Enhanced electrocatalytic activity in MOFs-derived 3D hollow NiCo-LDH nanocages decorated porous biochar for simultaneously ultra-sensitive electrochemical sensing of Cu2+ and Hg2

• Published in: Talanta (Oxford) Vol. 279; p. 126624
• Main Authors: Zou, Jiamin, Zou, Jin, Li, Li, Chen, Hui, Liu, Shuwu, Gao, Yansha, Huang, Xigen, Wang, Linyu, Lu, Limin
• Format: Journal Article
• Language: English
• Published: Elsevier B.V 01.11.2024
• Subjects: Heavy metal ions; Hollow nanocages; Porous carbon; Simultaneous determination; Heavy metal ions; Simultaneous determination; Porous carbon; Hollow nanocages
• ISSN: 0039-9140; 1873-3573; 1873-3573
• DOI: 10.1016/j.talanta.2024.126624

Layered double hydroxides (LDHs) have attracted significant attention due to their compositional and structural flexibility.
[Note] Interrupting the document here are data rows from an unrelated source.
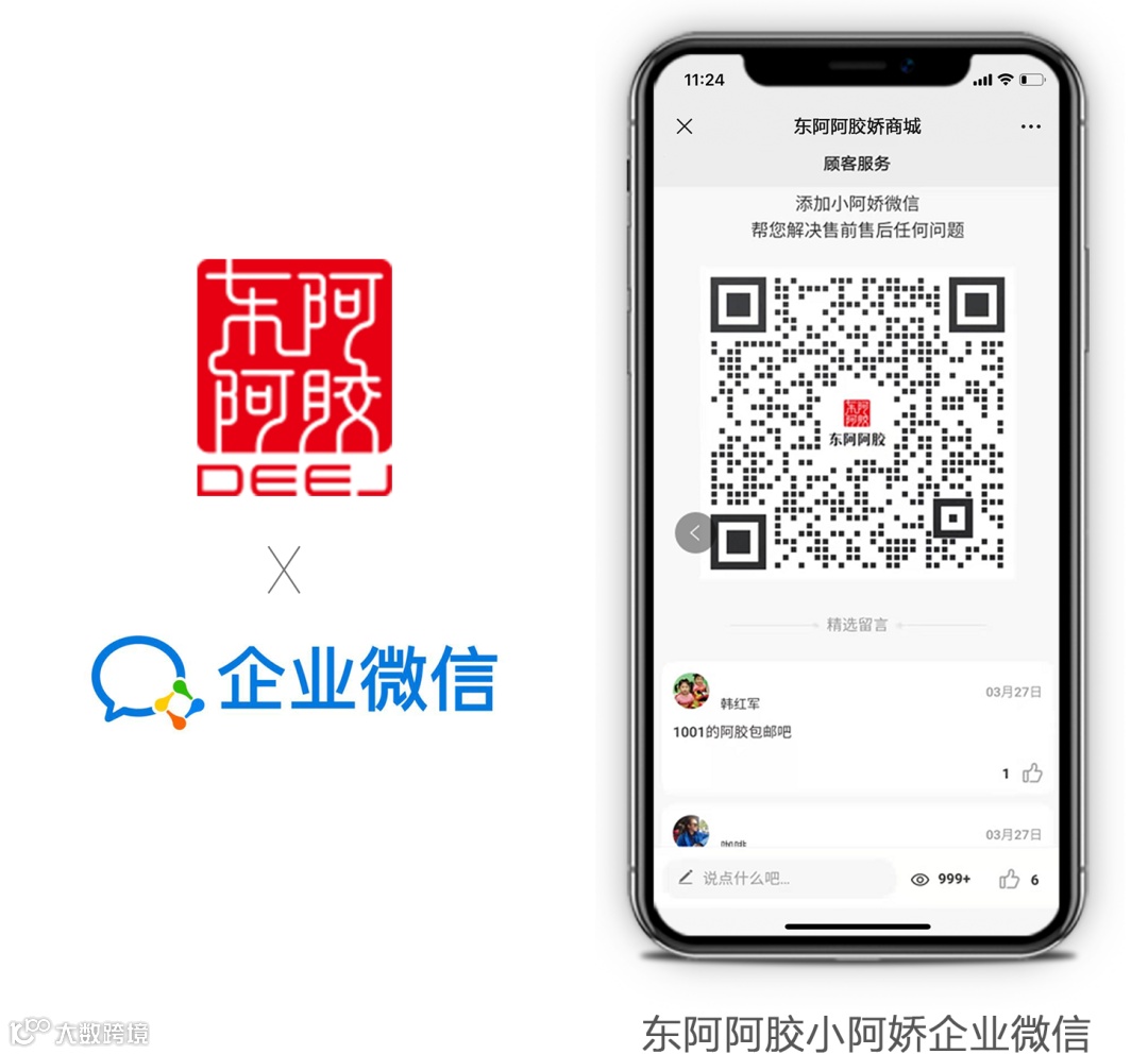 当消费者在微信商城下单后,系统便会自动弹出企业微信二维码,用户识别添加好友后,东阿即可通过企业微信与消费者建立沟通,同时也能看到其订单及浏览的商品,这大大提高了消费者与商家之间的沟通效率。
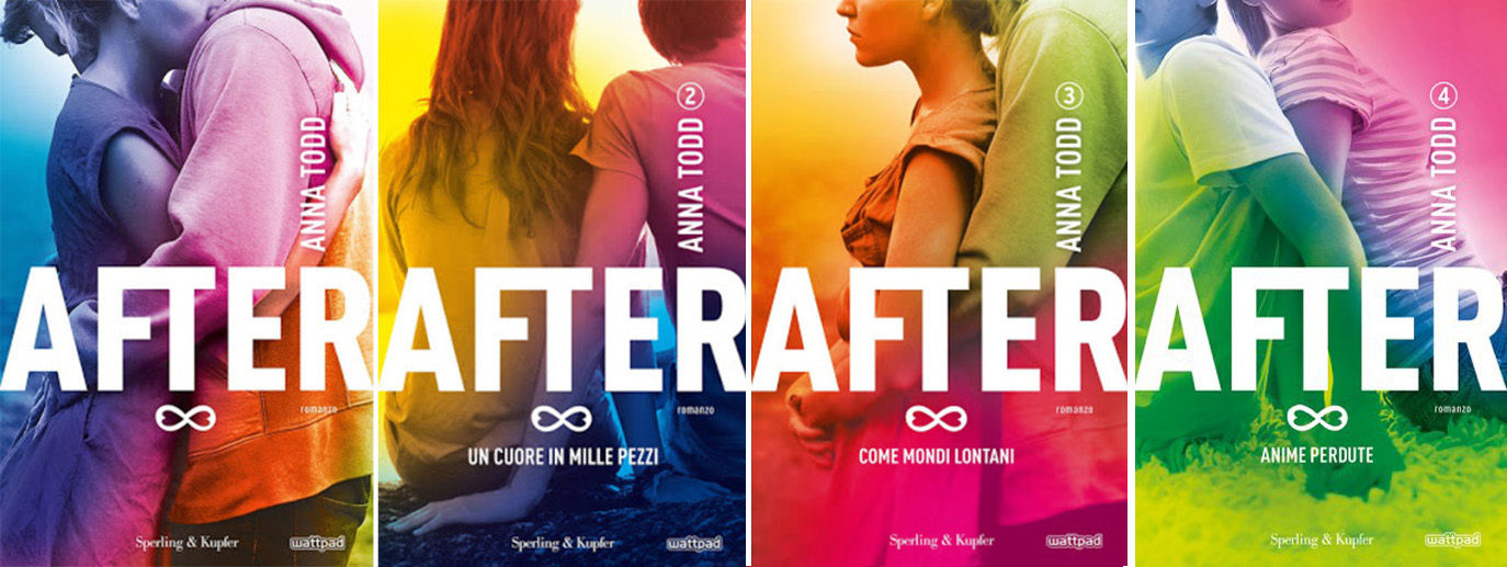 After è un tripudio di alti e bassi narrati attraverso una scrittura assolutamente semplice e contemporanea, rivolta ad un pubblico maturo, sì, ma anche a chi vuole farsi trasportare dai propri sentimenti. Badate bene: sentimenti in continua lotta tra loro!Si resta per lo più attoniti dal fatto che Anna Todd abbia voluto inserire delle scene di sesso, che non ci si aspetta effettivamente, e pensiamo si tratti della solita storia d’amore americana al college. Una caratteristica che rimanda con la mente a 50 Sfumature di grigio e ci fa capire come il coraggioso e discusso tentativo di E.L. James abbia condizionato la nuova narrativa contemporanea. Per quanto riguarda il finale a sorpresa invece, la prima cosa che balza all’occhio è l’esorbitante somiglianza con il film Non è un’altra stupida commedia americana, anche se in chiave comica, anch’essa incentrata sulla vita studentesca dei personaggi e sulla tendenza ad allontanare chi è diverso e fuori moda, dove il risvolto della medaglia coincide inevitabilmente con l’avvicinamento di un personaggio maschile e uno femminile. Quindi, in ultima, After è un capolavoro? No, ma assolutamente coinvolgente.Bellissima la cover creata dalla graphic designer Sabrina Veneto che combina immagini prese da Getty Images e unisce il simbolo dell’infinito (iconografia che viene più volte ripresa nel romanzo) creato dal gruppo Planeta-Art Department for the design. La copertina mostra Tessa e Hardin abbracciati in uno sfondo variegato di colori, che ben si lega con le colorite e svariate avventure e disavventure che i due vivono a distanza di pochi mesi. Probabilmente una delle poche copertine del quale ci si può fidare!
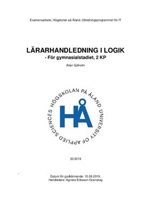 Föreliggande arbete är en handledning för läraren i kursen logik på gymnasialstadiet för första års studerande. Innehåller metoder för hantering av klass med olika grundkunskaper och erfarenhet inom datateknologi och övriga didaktiska råd, utlärning av begrepp, ihopvävande av olika vinklingar till en helhet, och praktiska övningar. Områden som behandlas är binära tal, logiska grindar och sanningstabeller, premisser och slutsatser, och grundläggande principer om signalers existens eller icke, och hur de förhåller sig till logiska kretsar. Läraren har frihet att bestämma ordningsföljd av lektionerna, och huruvida prov skall avläggas av klassen, samt betoning på det ena eller andra området. Förslag för allt ges i handledningen, men läraren har friheten kvar. Dessutom uppmanas läraren att återkoppla till andra kurser och vardagslivet där lämpligt för att underlätta förståelsen av principerna hos de studerande.

However, it is challenging but meaningful to design and fabricate hierarchical mixed-dimensional LDHs with synergistic effects to increase the electrical conductivity of LDHs and promote the intrinsic activity. Herein, 3D hollow NiCo-LDH nanocages decorated porous biochar (3D NiCo-LDH/PBC) has been synthesized by using ZIF-67 as precursor, which was utilized for constructing electrochemical sensing platform to realize simultaneous determination of Cu2+ and Hg2+. The 3D NiCo-LDH/PBC possessed the characteristics of hollow material and three-dimensional porous material, revealing a larger surface area, more exposed active sites, and faster electron transfer, which is beneficial to enhancing its electrochemical performance. Consequently, the developed sensor displayed good performance for simultaneously detecting Cu2+ and Hg2+ with ultra-low limit of detection (LOD) of 0.03 μg L−1 and 0.03 μg L−1, respectively. The proposed sensor also demonstrated excellent stability, repeatability and reproducibility. Furthermore, the sensor can be successfully used for the electrochemical analysis of Cu2+ and Hg2+ in lake water sample with satisfactory recovery, which is of great feasibility for practical application. The schematic diagram of the synthetic process of 3D NiCo-LDH/PBC based sensor and its application for simultaneous detection of Cu2+ and Hg2+. [Display omitted] •3D hollow NiCo-LDH nanocages decorated PBC was obtained from ZIF-67 template.•3D NiCo-LDH/PBC electrode was used for simultaneous detection of Cu2+ and Hg2+.•Hollow and porous structure favors the exposure of active sites for HMIs enrichment.•The limit of detections of Cu2+ and Hg2+ were down to 0.03 μg L−1 and 0.03 μg L−1.•The sensor was successfully applied to detect Cu2+ and Hg2+ in water samples.